## EXERCISE
The answer must consist solely of the lines from the opening line of the entries through the line with "Outdoor Living Garten- und", transcribed exactly and without any pictures.

## DATA LISTING
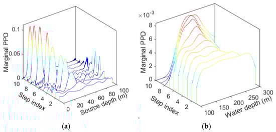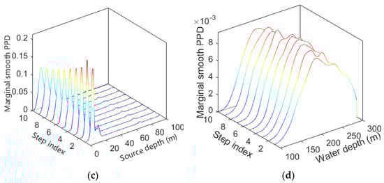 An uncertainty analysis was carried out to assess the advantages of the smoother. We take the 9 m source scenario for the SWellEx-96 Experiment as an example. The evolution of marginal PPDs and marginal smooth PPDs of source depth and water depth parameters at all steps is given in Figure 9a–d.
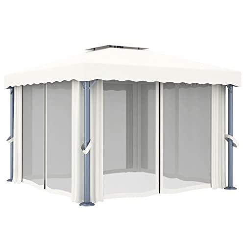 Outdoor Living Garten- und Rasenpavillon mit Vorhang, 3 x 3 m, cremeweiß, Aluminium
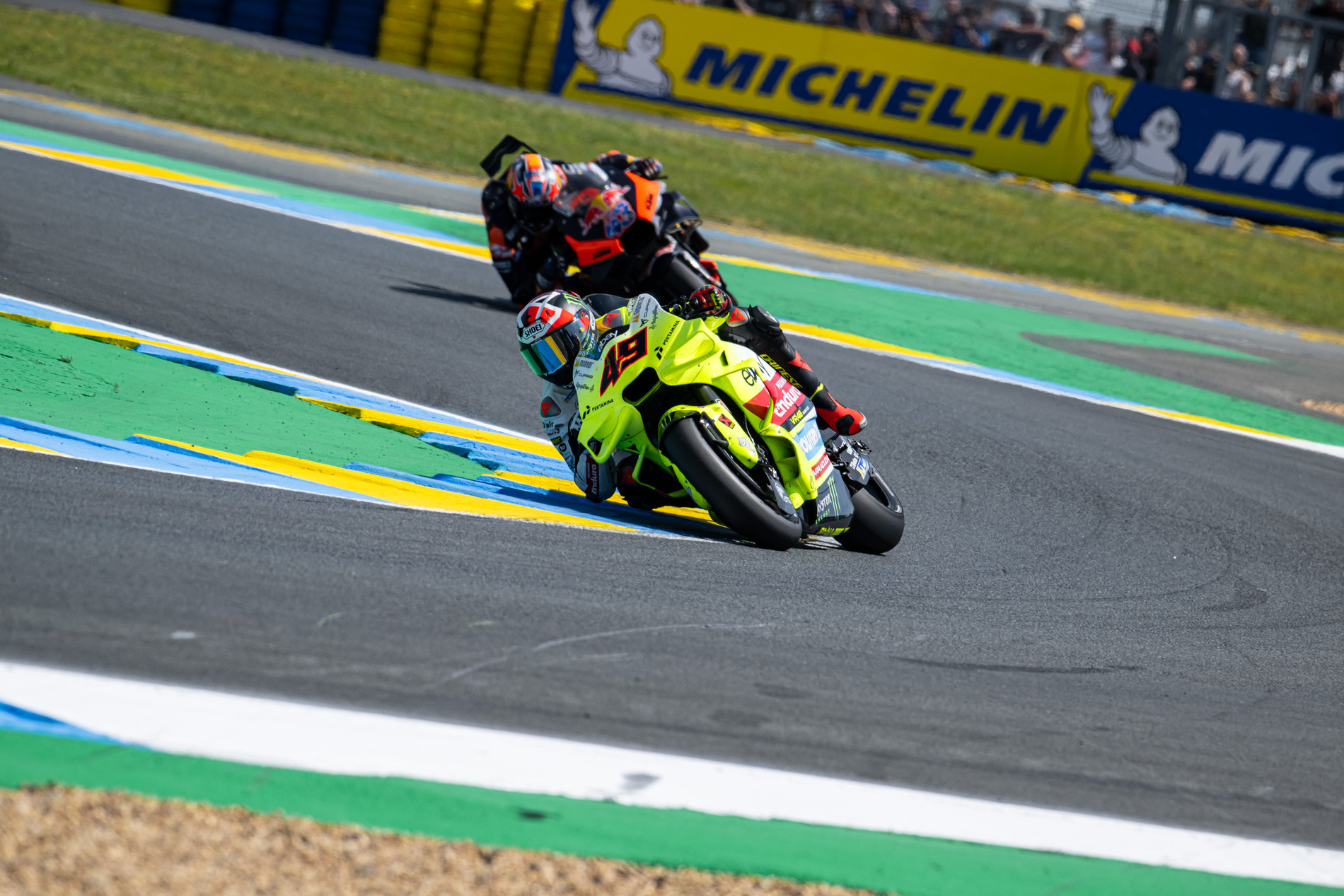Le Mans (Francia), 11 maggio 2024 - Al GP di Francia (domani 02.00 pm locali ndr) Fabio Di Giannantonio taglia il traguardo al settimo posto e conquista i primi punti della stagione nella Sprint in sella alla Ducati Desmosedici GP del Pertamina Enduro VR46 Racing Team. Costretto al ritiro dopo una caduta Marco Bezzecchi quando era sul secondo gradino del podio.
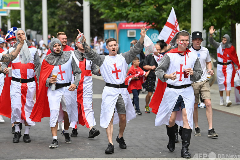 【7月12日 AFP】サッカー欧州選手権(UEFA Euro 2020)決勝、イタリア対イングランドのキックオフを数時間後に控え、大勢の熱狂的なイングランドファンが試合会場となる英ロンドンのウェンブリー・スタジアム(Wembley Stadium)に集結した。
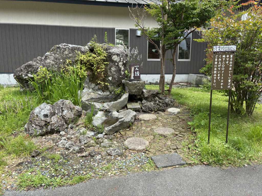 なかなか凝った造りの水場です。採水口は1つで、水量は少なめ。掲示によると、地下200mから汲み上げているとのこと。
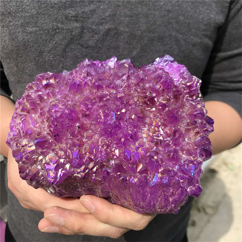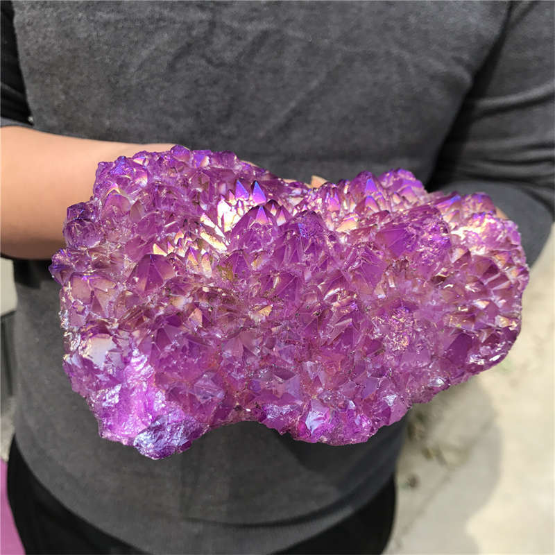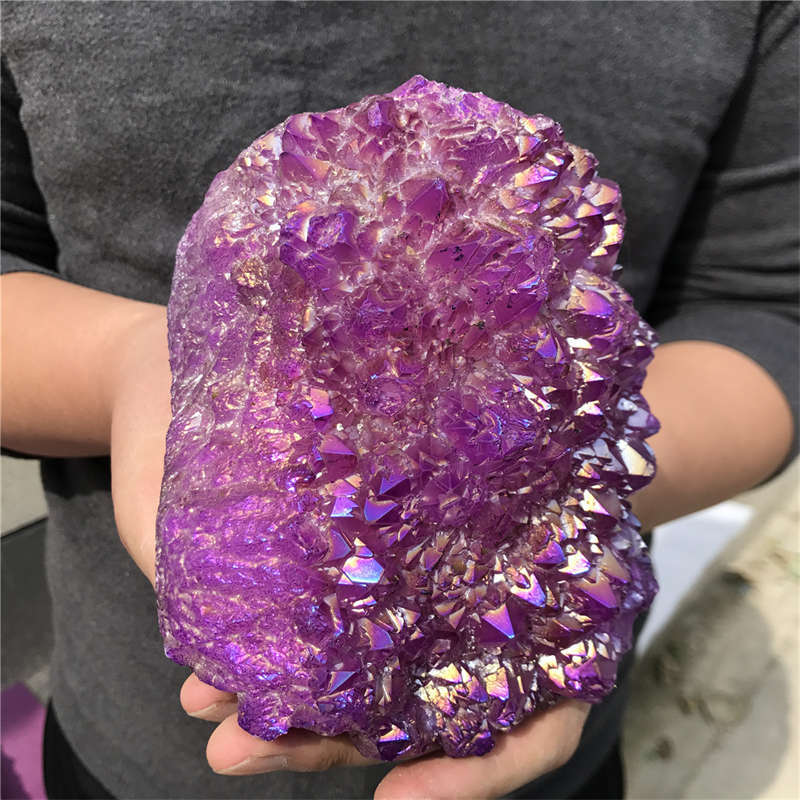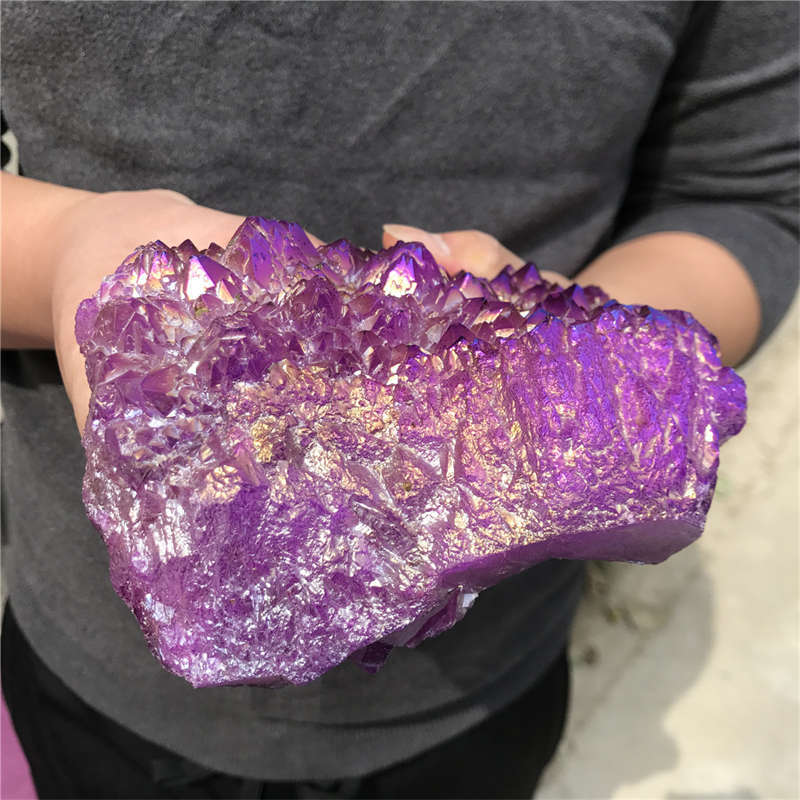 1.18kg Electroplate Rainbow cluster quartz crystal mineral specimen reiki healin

## ANSWER BOX
 An uncertainty analysis was carried out to assess the advantages of the smoother. We take the 9 m source scenario for the SWellEx-96 Experiment as an example. The evolution of marginal PPDs and marginal smooth PPDs of source depth and water depth parameters at all steps is given in Figure 9a–d.
 Outdoor Living Garten- und Rasenpavillon mit Vorhang, 3 x 3 m, cremeweiß, Aluminium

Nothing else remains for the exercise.